Кардинал терпеливо ждал.
— Я думаю, что понял, — сказал, наконец, Гильермо. — Да. Ведь все уже сказано и рассказано, нужно лишь внимательно прислушаться к слову Божьему. Он собрал приближенных своих, но даже среди двенадцати избранных нашелся один Иуда. Ныне нас гораздо больше, многократно больше. И даже если не каждый двенадцатый, но сотый оказывается козлищем, их все равно — армия.
На этом запись закончилась.
Уголино откинулся назад, осторожно и плавно, как будто опасался рассыпаться от неосторожного движения. Он весь как-то съежился в кресле и стал похож уже не на доброго седого старичка, а скорее на гнома из сказки.
— Конечно, viva vox alit plenius — живое слово лучше воспитывает, интереснее было бы услышать все это вживую, — сказал библиотекарь, сомкнув тонкие артритные пальцы. — Но я понял тебя, да. Склонен согласиться. Этот человек соответствует твоему описанию.
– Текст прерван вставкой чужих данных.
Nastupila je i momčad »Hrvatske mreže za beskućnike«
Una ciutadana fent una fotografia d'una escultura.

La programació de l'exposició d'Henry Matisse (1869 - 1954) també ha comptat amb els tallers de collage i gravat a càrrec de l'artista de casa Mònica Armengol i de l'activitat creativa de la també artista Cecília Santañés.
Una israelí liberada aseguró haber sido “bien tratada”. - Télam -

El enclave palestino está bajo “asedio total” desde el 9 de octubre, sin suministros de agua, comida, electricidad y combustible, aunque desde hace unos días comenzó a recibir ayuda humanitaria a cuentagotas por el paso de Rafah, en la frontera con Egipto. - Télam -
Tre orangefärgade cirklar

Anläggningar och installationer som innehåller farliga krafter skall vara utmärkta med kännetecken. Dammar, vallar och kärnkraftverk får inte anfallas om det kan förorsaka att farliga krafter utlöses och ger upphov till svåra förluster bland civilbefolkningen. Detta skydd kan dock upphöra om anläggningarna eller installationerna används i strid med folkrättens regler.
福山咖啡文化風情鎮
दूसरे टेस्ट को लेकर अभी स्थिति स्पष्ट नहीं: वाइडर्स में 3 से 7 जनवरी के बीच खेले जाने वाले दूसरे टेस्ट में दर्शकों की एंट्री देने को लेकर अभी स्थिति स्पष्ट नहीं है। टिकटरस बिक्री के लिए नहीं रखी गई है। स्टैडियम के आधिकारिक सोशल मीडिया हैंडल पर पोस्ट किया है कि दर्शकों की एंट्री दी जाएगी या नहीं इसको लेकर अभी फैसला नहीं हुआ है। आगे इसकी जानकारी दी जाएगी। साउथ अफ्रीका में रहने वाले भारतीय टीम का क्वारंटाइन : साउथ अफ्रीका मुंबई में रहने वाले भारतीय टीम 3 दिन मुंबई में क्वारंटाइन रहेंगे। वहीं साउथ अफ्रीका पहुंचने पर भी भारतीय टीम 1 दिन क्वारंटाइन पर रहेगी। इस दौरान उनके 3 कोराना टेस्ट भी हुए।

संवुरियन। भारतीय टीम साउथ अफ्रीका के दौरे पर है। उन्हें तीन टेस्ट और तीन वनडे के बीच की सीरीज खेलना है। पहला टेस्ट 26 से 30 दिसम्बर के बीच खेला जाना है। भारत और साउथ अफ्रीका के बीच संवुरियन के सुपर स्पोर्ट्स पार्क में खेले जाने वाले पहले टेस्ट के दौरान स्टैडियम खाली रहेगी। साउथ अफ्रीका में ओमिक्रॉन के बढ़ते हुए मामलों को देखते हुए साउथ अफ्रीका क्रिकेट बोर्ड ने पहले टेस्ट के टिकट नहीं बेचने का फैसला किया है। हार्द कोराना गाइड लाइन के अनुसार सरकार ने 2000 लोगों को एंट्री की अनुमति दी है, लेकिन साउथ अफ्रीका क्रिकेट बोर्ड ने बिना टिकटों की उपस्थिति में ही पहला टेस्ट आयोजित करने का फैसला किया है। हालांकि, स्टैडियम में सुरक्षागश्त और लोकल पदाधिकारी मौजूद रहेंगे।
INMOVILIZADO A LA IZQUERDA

Он неглуп, честен, преисполнен чистой, искренней веры. И… бесконечно наивен. Сколько ему лет?
— Пятьдесят один год.
— Да… это уже неизлечимо. Иногда я думаю, где пролегает грань между наивностью и глупостью?.. Думаю и прихожу к выводу, что они как две стороны одной монеты, суть разные грани единого. Однако здесь определенно не такой случай.
Голос старенького кардинала стал еще менее приятным и каким-то холодным, пронзительным, как итальянский стилет. Уголино закашлялся, шмыгнул носом. И спросил:
— Чего ты хочешь от меня?
— Мне нужна твоя поддержка, — прямо и без обидняков рубанул наотмашь Морхауз. Александр долго думал, как наилучшим образом высказать свое пожелание, и пришел к выводу, что в нынешних обстоятельствах следует быть предельно откровенным. У него просто не было времени плести сложные обходные маневры. Старый лис либо поможет, либо нет, и решено это будет сейчас.
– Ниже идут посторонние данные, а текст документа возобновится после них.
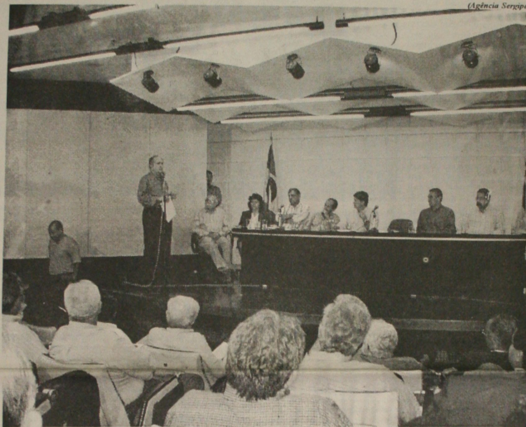
O governador Albano Franco fala para os prefeitos da região citrícola mostrando a sua preocupação com o setor

O governador Albano Franco afirmou que pretende com esta iniciativa, fortalecer e revitalizar a citricultura. No seu entender para que se tenha sucesso é preciso incrementar a parceria com os citricultores, prefeitos, bancos, enfim, todos os segmentos envolvidos com a produção de frutas no Estado. Ele reconhece, inclusive, que a mentalidade dos políticos e dos empresários brasileiro está mudando, ao verificar que para esta solenidade, esses grupos de pes-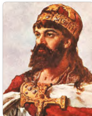
Князь Мешко I.▶ Художник Ян Матейко (XIX в.)

Ожесточенные Гуситские войны длились 15 лет. Они прекратились к 1434 г. , когда паны и богатые горожане пошли на соглашение с императором и папой римским. Повстанцы были разгромлены.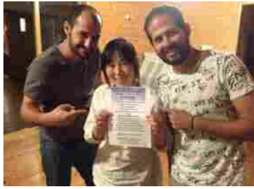
30代男性2名 (イスラエル)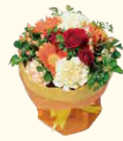
黄色のスタンディングブーケ 2,500円～

☎ 045-482-0187 🏠 西神奈川3-7-3 白楽駅・東白楽駅から徒歩5分 🕒 10:00～19:00、日曜 10:00～18:00 📅 木曜日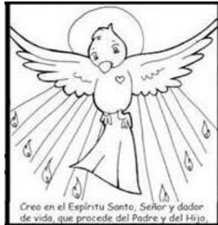
Creo en el Espíritu Santo, Señor y dador de vida, que procede del Padre y del Hijo,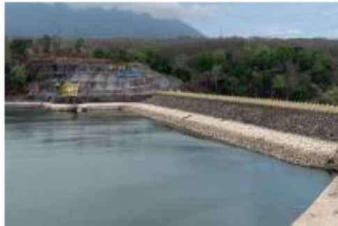
Gambar 3. Tembok Bendungan Waduk Bajul Mati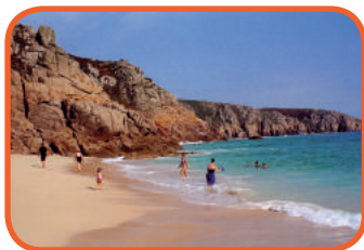
Cornwall - pláž u Porthcurno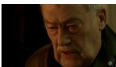
La Tête dans le sac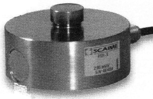
Датчики семейства CB50X

— Будем откровенны и честны, — предложил ди Конти, и Морхауз с трудом сохранил постное выражение лица. Уголино, который предлагал честность — это было… Александр даже затруднился с поиском подходящего сравнения.
— Мне импонирует ваша позиция продуманной реформации. «Авиньонцы» жадные глупцы, к тому же французы. А радикалы — жадные сумасброды, и я затрудняюсь предположить, кто опаснее для Рима. Я даже готов мириться с полу-немцем полу-англичанином вроде тебя. Но… сдается мне, ты опоздал, и ваша партия проиграна.
— Еще нет.
— Почти да. Ты слишком увлекаешься большой стратегией и временами пропускаешь незаметные уколы. Французы в последний момент переманили нескольких твоих сторонников — и вот уже все зашаталось. А тебе приходится упрашивать меня помочь.
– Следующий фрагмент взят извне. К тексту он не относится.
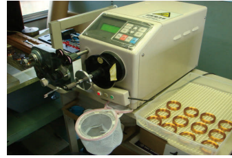
自動巻線機(細線巻用)

昭和27年創業来、約半世紀にわたり信頼の出来る製品を提供しております。特に主力製品であるマグネットコイルは、エレベーター、エスカレータのブレーキとして、電力関係では遮断器の投入、保持、引き外しとして、産業機器関係ではモーターのステーターとしてそれぞれの重要な部門に使用される製品であります。「コイルは人間でたとえれば『心臓』であり、最後まで動いていなければならない」の精神の基、社員が一丸となり常に品質管理を徹底し、安心、安全のものづくりにチャレンジしています。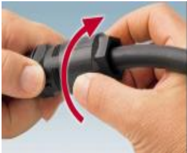
4º Passo – Ligar por aperto a porca plástica com a parte central do conetor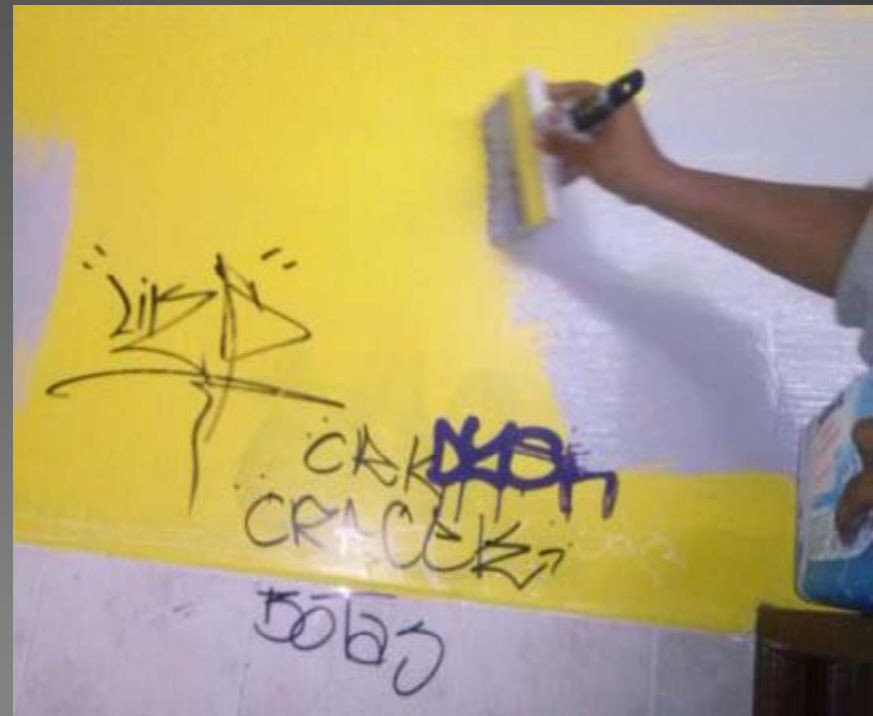
PINTA DE BAÑOS GRAFITEADOS DEL PARQUE ECOLOGICO LAS PEÑAS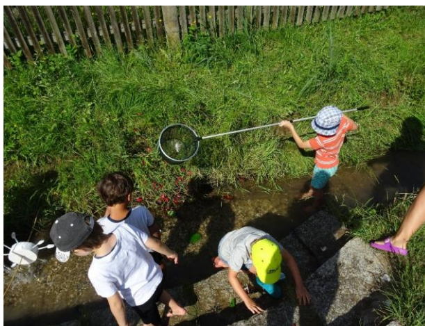
„Kneippkuren am Bach“

Zum Verweilen und Balancieren liegen alte Baumstämme bereit. Vor dem Haus ist ein Schlittenhang und wenn wir das Tor öffnen, stehen wir direkt vor Wald und Wiese.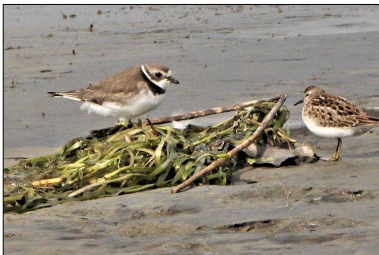
Fig. 2 - Pluvier semi-palmé et Bécasseau minuscule.

Bientôt le couvert forestier s'impose et malgré la hâte d'arriver sur la pointe, il faut prendre le temps de bien observer les environs du sentier car, sans crier gare, un groupe mixte de parulines, viréos, et autres insectivores peut vous tomber dessus. Ça nous est arrivé les deux fois que nous y sommes allés. Parmi les parulines observées, il y avait la Paruline noir et blanc, la Paruline obscure, la Paruline à poitrine baie, la Paruline à croupion jaune, la Paruline à joues grises, la Paruline à flancs marrons, et la Paruline à gorge noire.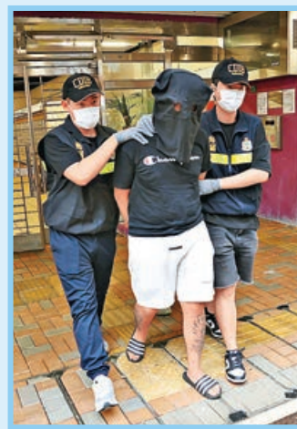
海關在蘇屋邨反毒品行動中拘捕一名 24 歲無業男子。

今年 2 月 1 日，CBD（大麻二酚）已在本港被列為毒品。為配合本月「反大麻月」宣傳及執法，提高市民尤其是青少年的防毒意識，警方由 3 月 19 日至 4 月 23 日進行代號為「沙鷗」行動，打擊製造和社交平台銷售大麻的犯罪活動，成功偵破 33 宗毒品案，包括在葵涌破獲 3 個大麻種植場和在新田破獲一個大麻儲存倉及分銷中心。行動檢獲各式毒品，包括含 CBD 及 THC（四氫大麻酚）產品，總值約 4,200 萬元，拘捕包括 3 名學生在內的 82 人，年齡最小的為一名 15 歲已輟學男童。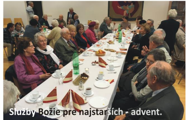
Služby Božie pre najstarších - advent.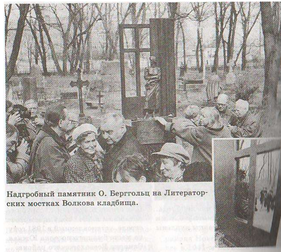
Надгробный памятник О. Берггольц на Литераторских мостках Волкова кладбища.

Еще тебе такие песни сложат, Так воспоют твой подвиг и дела, Что ты, наверно, скажешь: - Не похоже. Я проще, я угрюмее была.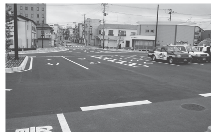
▲本宮駅から駅前商店街方向を望む

■本宮駅前東口広場完成を祝う 7月21日に本宮駅前東口広場が完成しました。 竣工記念セレモニーでは、高松市長をはじめ関係者の皆さんによるテープカットとモニユメントの除幕、また、本宮高等学校吹奏楽部による演奏が披露され、完成を祝いました。 セレモニー後の式典では、樹木の寄贈をいただいた本宮ライオンズクラブ、本宮ロータリークラブをはじめ、時計の寄贈をいただいた施工業者の石橋建設工業(株)の皆さんへ感謝状の贈呈が行われました。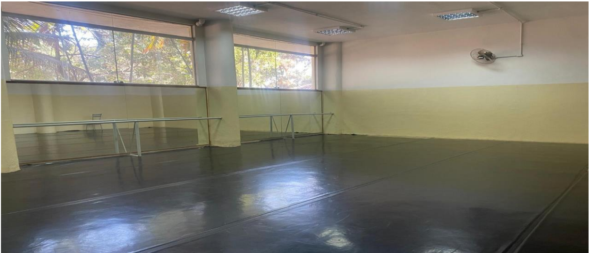
Figura 14: Sala de dança

— Я не упрашиваю, — сказал Морхауз, и в голосе его лязгнул морозный металл. Кардинал был готов на многое для привлечения старого хитреца, однако это «многое» тоже имело пределы. — Я предлагаю. Ты волен согласиться или отказаться.
— Гордыня, брат Александр, — поморщился старик. — Гордыня повелевает тобой, а она скверный советчик.
Он поднял сухую ладонь, предупреждая готовые сорваться с уст Морхауза слова.
— В иных обстоятельствах я бы даже не стал тебя слушать. Но… твой план мне нравится. С этим Гильермо… хорошо придумано. Он вполне годится. Поэтому я скажу тебе так.
Уголино загадочно покрутил пальцами, похожими на ломкие щепочки, улыбнулся. Из-за тонких бесцветных губ выглянули крупные желтоватые зубы, так что старичок на мгновение обрел сходство с ужасными созданиями на картинах Альбрехта Дюрера. В следующую секунду ди Конти снова сжал губы в тонкую нить, спрятал жуткий оскал в мягкую белоснежную бороду.
— Я посмотрю, что можно сделать за оставшееся время. Подумаю, как помочь тебе. Но…
Снова последовал неопределенный жест пальцами. Впрочем, Морхауз понял его совершенно правильным образом.
— Твои условия? — спросил он, заранее содрогаясь от ожидания. Было очевидно, что в сложившихся условиях поддержка старого и мудрого интригана окажется баснословно дорога — во всех отношениях.
— Я скажу. Потом. Если все-таки решу вступить в игру. И если из этого выйдет толк. Но заранее предупрежу — торг post factum меня оскорбит.
Морхауз помолчал, машинально барабаня костяшками по деревянному подлокотнику.
— Первый раз вижу такую интересную манеру торговаться, — медленно заметил он, глядя в стол и сощурившись. — Ты намерен выставить цену после передачи товара?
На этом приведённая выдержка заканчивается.